GE Additive is dedicated to developing and transforming the industrial sector, so when production planner Wolfgang Schliebitz and Dr.-Ing. Anna Ebert, process expert, at Bosch in Bamberg, wanted to use additive manufacturing to redesign a conventionally machined oil header, GE Additive was more than happy to help.Schliebitz and Dr. Ebert both work in the production line for common rail injectors (CRI), which contain oil headers: small tools that use oil to wet a thread in order to optimize the fitting between two components. While this may not sound incredibly important, new generations of injectors have different surface properties, making it even more necessary to lubricate the outside of the thread to prevent harmful friction. Additionally, the process itself is not easy, and the injector can get discarded if the torque expands out of the tolerance window in the middle of the process. Dr. Ebert took a closer look at the oil process on the CRI assembly line, and determined that the thread was only getting lubricated on the top, but not the bottom, which caused blind spots, and a redesign was deemed necessary.
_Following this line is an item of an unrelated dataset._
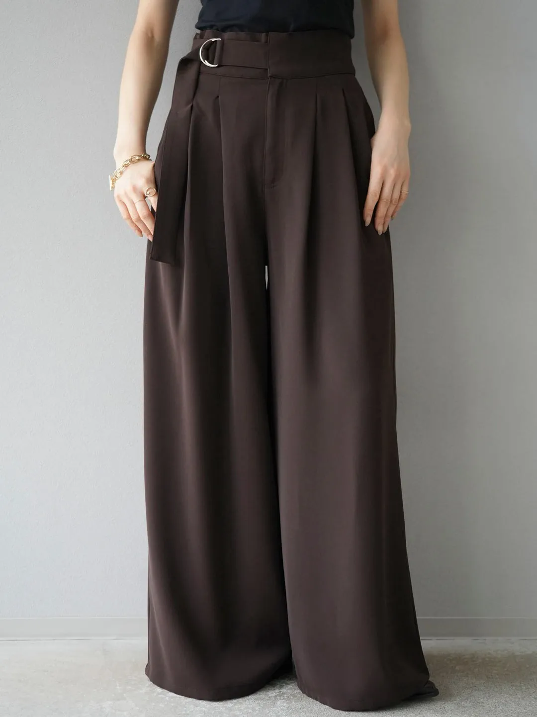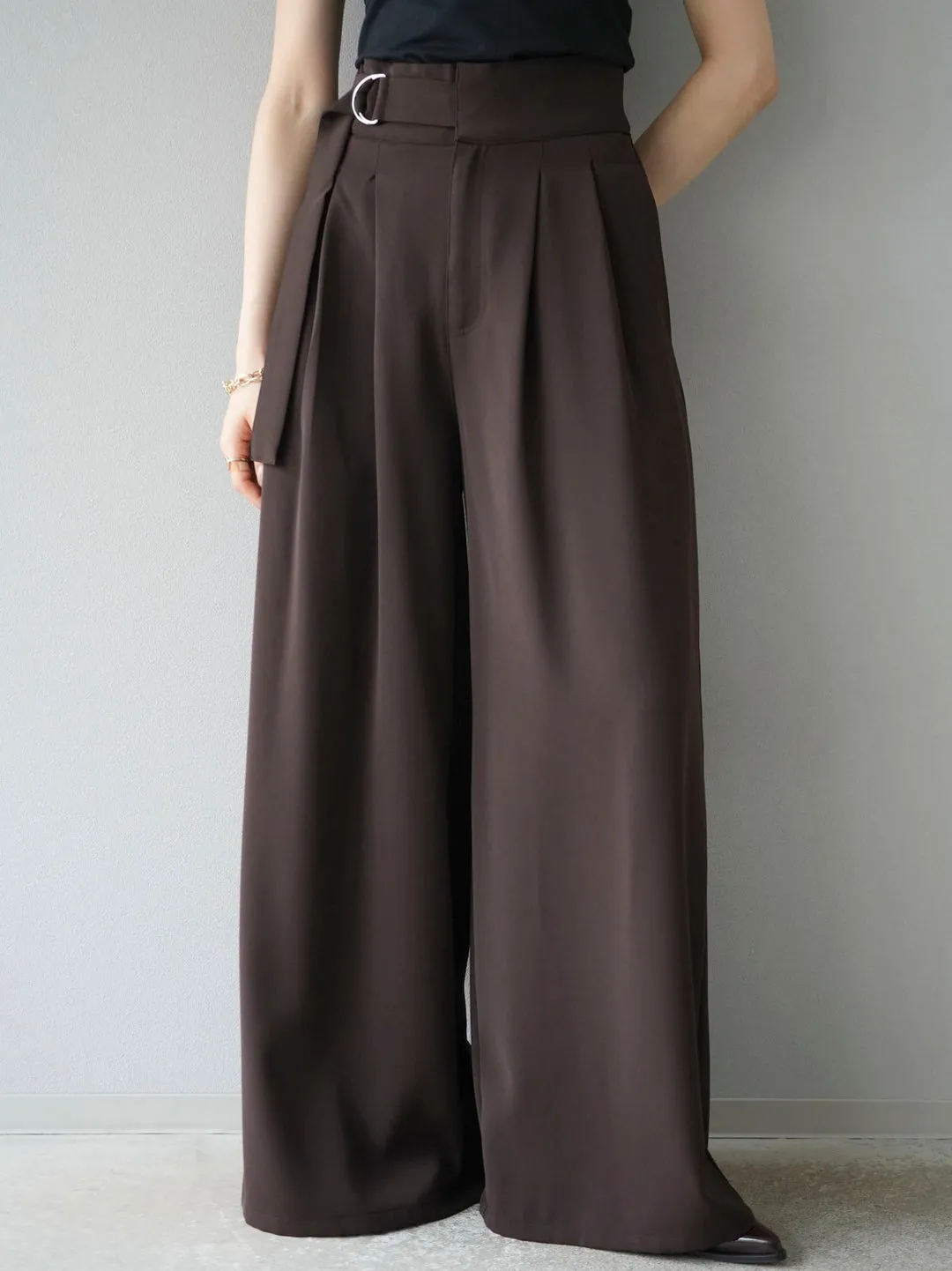 高腰寬版腰封設計西裝寬褲

The first new design for an oil header with improved lubrication resulted in a traditionally machined component with four parts. But 3D printing can allow for components like the oil header to be created in just one piece.
The Bosch plant in Nuremberg has an M2 cusing metal 3D printing system, but as the oil header is a small tool, a smaller solution was required. So the company contacted Concept Laser and asked for help with the redesign, along with 3D printing several oil headers to have on hand.
Concept Laser assessed the oil header, and then re-engineered the tool so its channels could optimize the thread lubrication. Then, the company needed a non-corrosive, strong material for the new oil header, and chose CoCr. The tool was 3D printed on the company’s small Mlab cusing metal laser melting 3D printer, which uses a 100W laser to produce delicate parts.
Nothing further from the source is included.